You could probably do something like the following (untested).

------------------------------------------------------------

my ( $buffer, $matched, @results );
my $parser = HTML::PullParser->new( doc   => $html_page_content,
                                    start => '"START", tag, text',
                                    end   => '"END", tag, text',
                                    text  => '"TEXT", tag, text'   );
while ( my $token = $parser->get_token ) {
    my ( $flag, $tag, $text ) = @$token;

    if ( $flag eq "START" and lc($tag) eq "p" ) { # start of a new paragraph
        # If the current buffer matched, add it to the results.
        push @results, $buffer if $matched;
        # Reinitialise the buffer and reset the "matched" flag.
        $buffer = "";
        $matched = 0;
    }

    $buffer .= $text; # whatever this token is, we want it in the buffer

    # Put your keyword matching stuff in here, and set $matched to 1
    # if it does match.

}

# @results should now be an array of strings, each one containing the
# HTML for a paragraph which matched your keywords, and it should be
# in the order in which the paragraphs appeared on the page.
# It won't have the very last paragraph if that matched, though - see below.

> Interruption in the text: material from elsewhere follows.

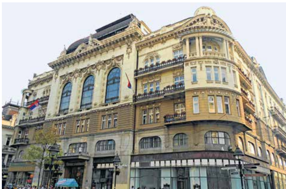
Zgrada Srpske akademije nauka i umjetnosti u beogradskoj Knez Mihajlovoj ulici

Povod je 30. godišnjica dokumenta vinovnika krvavog raspleta tijekom raspada Jugoslavije

------------------------------------------------------------

But I just wrote that off the top of my head, so don't just cut and
paste it blindly, read the docs and check it does what I think it does.

You'll also want to add something that checks $matched and pushes the
relevant stuff onto @results after the *last* occurrence of <p> in the
page, because as it stands it only updates @results when it sees a <p>
- either be clever inside the while loop, or do something after it
finishes.  You won't just want to push $buffer on, because it will
contain "</body></html>" or similar.  Left as an exercise cos I only
just thought of it.

Also note that you probably can't count on the page you're parsing
having well-formed HTML in it, so make sure you write tests for edge cases.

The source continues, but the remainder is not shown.